Our method does not directly correspond to pixels and labels, but first superpixelizes the image to improve the calculation speed, then extracts the convolutional features of the superpixels, and then pools the features of each superpixel to a fixed length Vector, and finally learn the distance between every two superpixels. When the distance between superpixels is less than a threshold, merge them. Compared with traditional methods, our method is simple, effective, and achieves good results, and can be processed in real time (50fps/s). This also provides support for learning pixel-level semantic understanding directly from the Internet.

With the above-mentioned category-independent low-level visual knowledge, we can do a lot of interesting analysis on the image. For example, we use keywords to retrieve images on the Internet, through salient object detection, we can detect the approximate position of the object in the image, and then through the edge, over-segmentation and other information can further refine the object's regional information. Eventually, a proxy groundtruth (GT) can be generated. This GT is not manually annotated. It is a guess that we use an automated method for the Internet image GT. This guess is likely to cover the corresponding area of ​​the keyword in the image, of course, there will be many errors in these areas. For example, when segmenting the bicycle in the figure above, our method often marks people, because usually bicycles appear with people.

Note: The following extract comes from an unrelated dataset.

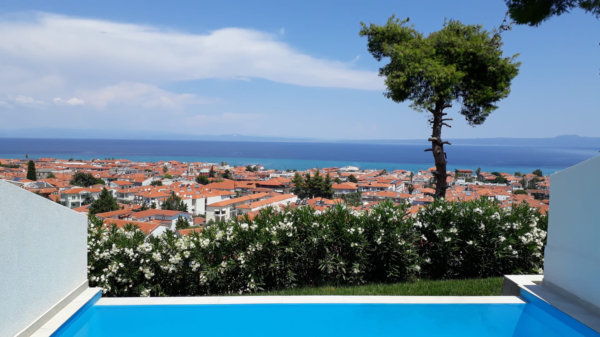 Privatpool von der Juniorsuite mit Panorama und Meerblick. Aussicht auf Pefkochori und das Meer.

So how to eliminate these errors?

The flow of the whole method is as follows: 1 use keyword retrieval to obtain a large number of images; 2 use the underlying visual knowledge to obtain the image corresponding to the proxy GT; 3 use NFM to remove the influence of the noise area in the proxy GT on the training process; 4 finally obtain the semantics through the SSM part Segmentation result.

NFM (Noise Filtering Module): Noise filtering module, given the input image, uses image-level annotations and corresponding heuristic map to filter the noise area in the image Proxy GT.

The red area in the figure above is the identified noise area.

NFM, as a method of auxiliary training, is only used in the testing phase.

Through experiments, we separately verified the importance of the underlying visual knowledge. The experiment is divided into two categories, Weak indicates that the image has only one keyword-level annotation, and WebSeg indicates that the image does not have any manual annotation. In fact, there are many types of low-level visual knowledge. We only show three types here, namely Saliency object Detection (sal), Edge, Attention (att). Attention is a top-down information, which requires keyword-level annotation information. Since WebSeg does not use any manual annotation, there is no attention in WebSeg's experiment.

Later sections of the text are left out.